This week I want to explore the other side of the looking glass, where America is at war but very, very few Americans actually feel themselves hunkered down in a collective foxhole. The transition from the Ike's era to our own is significant not because Ike was necessarily more honest about war, but because the relationship between the public and war had yet to become a "culture" rather than an event. We might consider this drift in the perception of war by looking at three statements: the first is a watershed essay in Neocon thought, "Toward a Neo-Reaganite Foreign Policy," from Robert Kagan and William Kristol; the second is a seminal essay on the "state" of the military by Thomas Ricks, in the July 1997 issue of the "Atlantic." And the third is a very recent post at "Home Fires," a blog sponsored by the New York Times. While each piece is different in its intent and two are from one era and the third from another, I see them in conversation with each other over the role war plays in moralizing American society.

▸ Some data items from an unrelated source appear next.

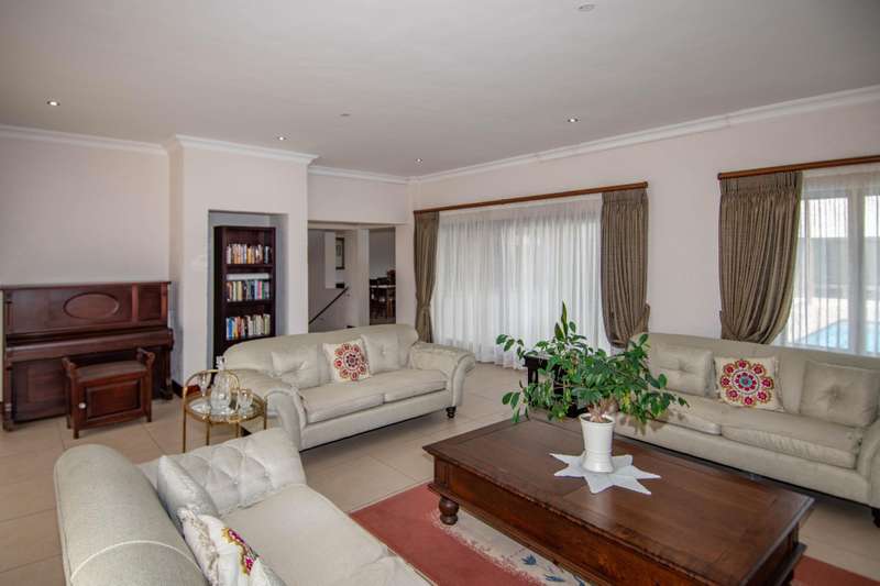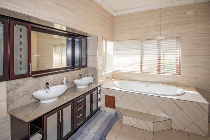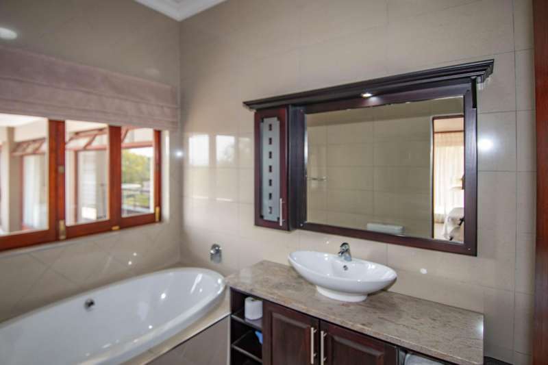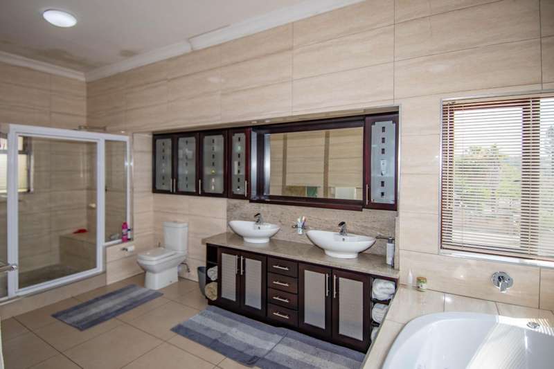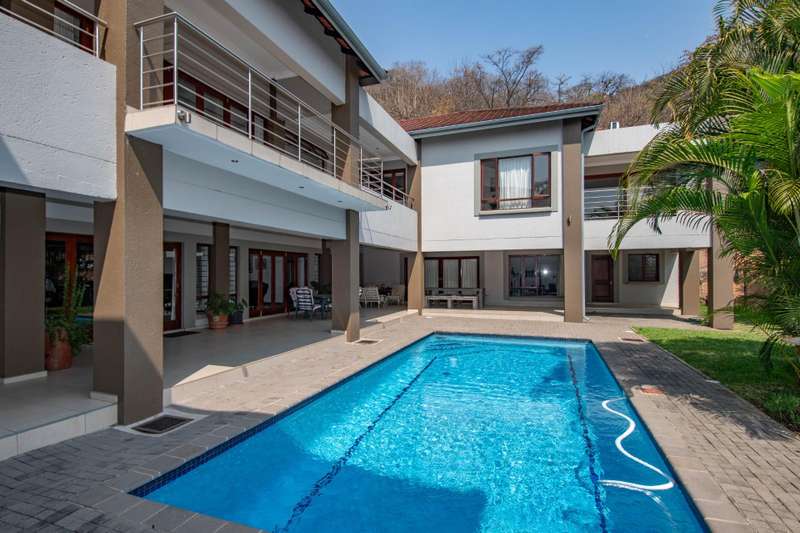 For Sale in Matumi Golf Estate, Nelspruit This three-level residence in Matumi Golf Estate offers 5 en-suite bedrooms, multiple living spaces, and panoramic Lowveld views. ?Çó Ground Floor: 5-car garage, 4 open parking?ÇÖs, 2 storage rooms ?Çó First Floor: Guest suite with full bathroom, open-plan dining and kitchen area with scullery and laundry, TV lounge with bar, entertainment room, guest toilet, and covered patios leading to a pristine pool. ?Çó Second Floor: 4 en-suite bedrooms with private balconies, large cupboards, upstairs lounge, dedicated office, and main suite with walk-in closet and luxury bathroom. Estate Amenities: Championship 18-hole golf course with clubhouse and restaurant, 2 bowling greens, walking and running trails, landscaped gardens, 24/7 security, and an active Homeowners Association.
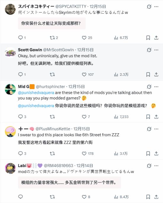 该模组将《上古卷轴 5》的原生场景替换为现代日式都市风格,画面中不仅有细腻的街道、店铺等环境建模,角色造型也贴合当代游戏审美,整体视觉表现已接近近年发售的作品。网友热议 “这是怎么做到的画质,太犯规了”。
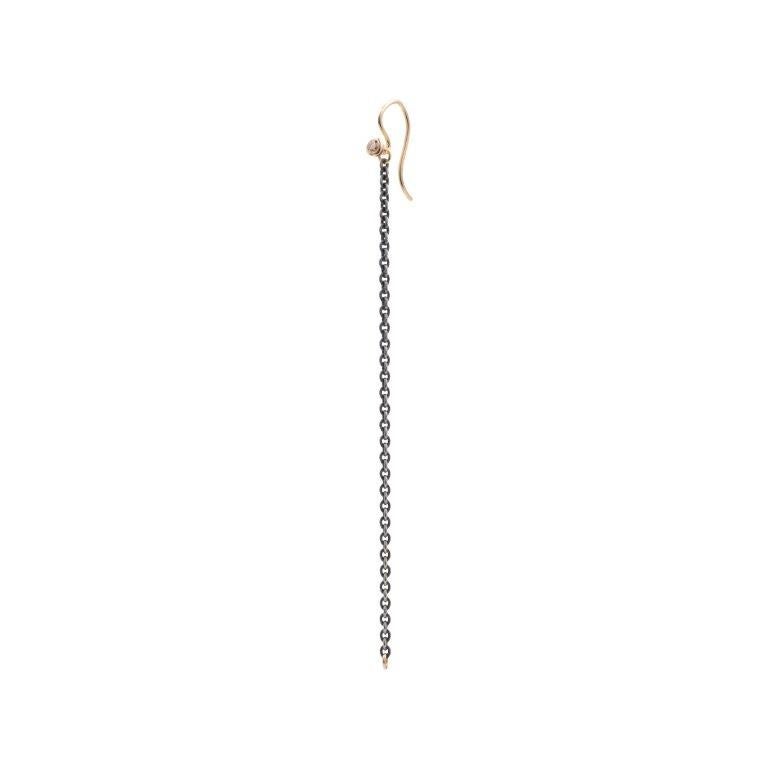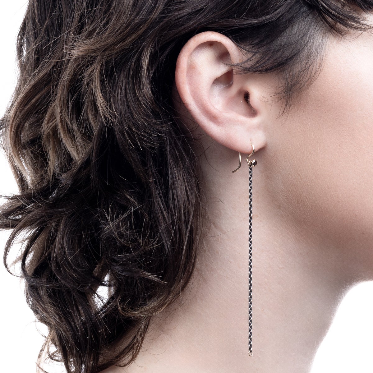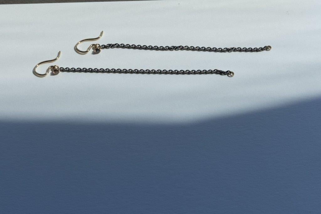 オキシダイズドされた深いブラックカラーのロングチェーンとイエローゴールドのコンビネーションでモード感をプラス。

In Kagan and Kristol's essay--celebrated at the time as a call to arms against the Clinton administration's foreign policy--the two Neocons put their charge succinctly: "The remobilization of America at home ultimately requires the remobilization of American foreign policy." The combination that had moralized America in the cold war had flipped--by the late 1990s, according to Kagan and Kristol, foreign adventures would provide moral clarity for Americans thus reversing the logic that the public's moral clarity about the nation would guide America's missions abroad. "It is foolish to imagine," they asserted, "that the United States can lead the world effectively while the overwhelming majority of the population neither understands nor is involved, in any real way, with its international mission." K & K provided a new understanding of war--war would moralize the nation.

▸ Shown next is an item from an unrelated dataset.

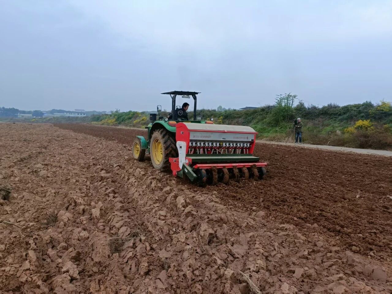 在百公里外的銅川市耀州區(qū)小丘鎮(zhèn)中原村,亞澳農機同樣成為搶種主力。“播種期推遲了近十天,土壤又濕,最怕播深不均和倒伏。”農機手操控著亞澳寬幅溝播機穿梭田間,機具搭載的指夾式排種器實現(xiàn)精準下種,配合可調節(jié)播深系統(tǒng),將播種深度嚴格控制在2—4cm的最佳范圍,既滿足銅川市農機推廣站副站長姚關盈提出的“淺播搶積溫”要求,又通過均勻播種避免了“播量過大易倒伏”的風險。截至目前,銅川市已調度1600余臺套農機投入秋播,亞澳機具憑借“旋耕、播種、施肥一體化”優(yōu)勢,大幅提升了濕墑地塊的作業(yè)效率,助力農戶把延誤的農時搶回來。
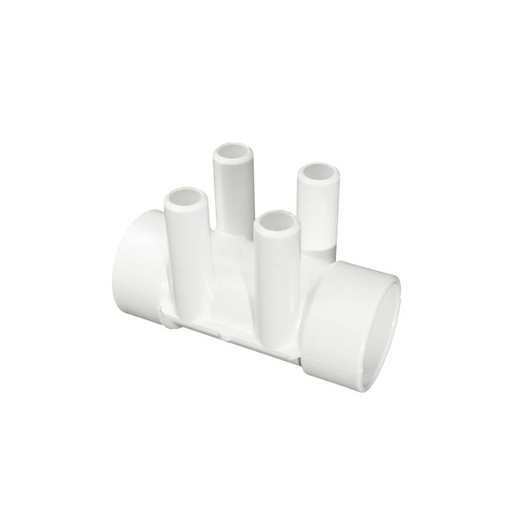 The Waterway 1.5″ Slip 4-Port Manifold is designed to efficiently distribute air or water flow in spa and pool systems. Featuring four 3/4″ slip ports, this manifold provides reliable connections to multiple components, ensuring even distribution. The 1.5″ slip connection ensures compatibility with standard plumbing setups, while the manifold’s durable, corrosion-resistant materials guarantee long-lasting performance. Easy to install, this manifold is perfect for maintaining smooth water or air flow in both residential and commercial spa systems.

The high opinion of the military implicit in Kagan and Kristol's argument corresponded with an attitude about the nation that Ricks found within the military. In an obvious nod to the culture wars, Ricks wrote, "There is widespread agreement that over the past few decades American society has become more fragmented, more individualistic, and less disciplined, with institutions such as church, family, and school wielding less influence. Whatever the implications of these changes, they put society at odds with the classic military values of sacrifice, unity, self-discipline, and considering the interests of the group before those of the individual." In a statement that echoed other culture warriors, William S. Lind, a military analyst and resident intellectual for the Marine Corp, declared that given the state of his nation, "The next real war we fight is likely to be on American soil." Ricks observed that Lind's statement echoed the sense that many soldiers had of the great distance between themselves and civilians. The military had become latter day Puritans living out a jeremiad in the name of an abstract understanding of their nation and pitted against evil from within as well as without.
That was before September 11, Afghanistan and Iraq. The New York Times started running its Opinionator blog "Home Fires" in 2007 to provide reflections for "men and women who have returned from wartime service in the United States military." The question that pervades the entries here is whether we can call this era "wartime" and what it means to return from military service. In a post entitled "On War and Redemption," from Timothy Kudo, a Captain in the Marines who served in Iraq and Afghanistan, Kudo ruminates not so much about how he can't relate to folks stateside, but how difficult it is to relate the experiences he's had without sounding incomprehensibly evil.
"It's not the sights, sounds, adrenaline and carnage of war that linger," he writes. "It's the morality. We did evil things, maybe necessary evil, but evil nonetheless." What did he do? He contributed to the killing of two unarmed Afghan men on a motorcycle. Kudo recognized that this is war and the war creates destruction--including the ultimately senseless killing of civilians. He can't justify this action or the totality of hundreds, perhaps thousands of similar actions to the people who suffer. As a few of my colleagues said about the previous post, while most Americans might not sacrifice in these current wars, there are plenty who do.
What has troubled Kudo in a way that I think approaches a theological grappling of war is the collective, systematic engagement with the moral implications of war. "Civilians can't shoulder the responsibility for killing, but" he asserts, "the social contract demands they care for those who do. And this is the great disconnect in our society now, because that feeling of responsibility is still locked behind the fences of our military bases." A responsibility for what, though? According to Kagan and Kristol and perhaps an earlier iteration of Kudo's peers in the military, it was for that abstract moral understanding of America. Now? The war remains in actions committed in it but does the war gesture toward something greater--does it reveal the meaning for which it was fought?
Kudo doesn't want war to moralize America or to provide moral clarity to his civilian peers. He seems to want something that exists beyond war--something postwar--but can't imagine that such a place exists when so few have attempted to come to terms with war. He wonders what, if anything, he killed for. In the comments section on his post, many readers scolded him for thinking he could find redemption in war at all. And yet, his point, it seems to me, wasn't to ask for clemency but to wonder if war can ever make apparent the morality of a cause. Kudo's wonder strikes at the heart of an imagined covenant that makes war more than mechanized slaughter. His experience, though, disturbs the confidence that we, the civilians he ostensibly fought for, know what that covenant means.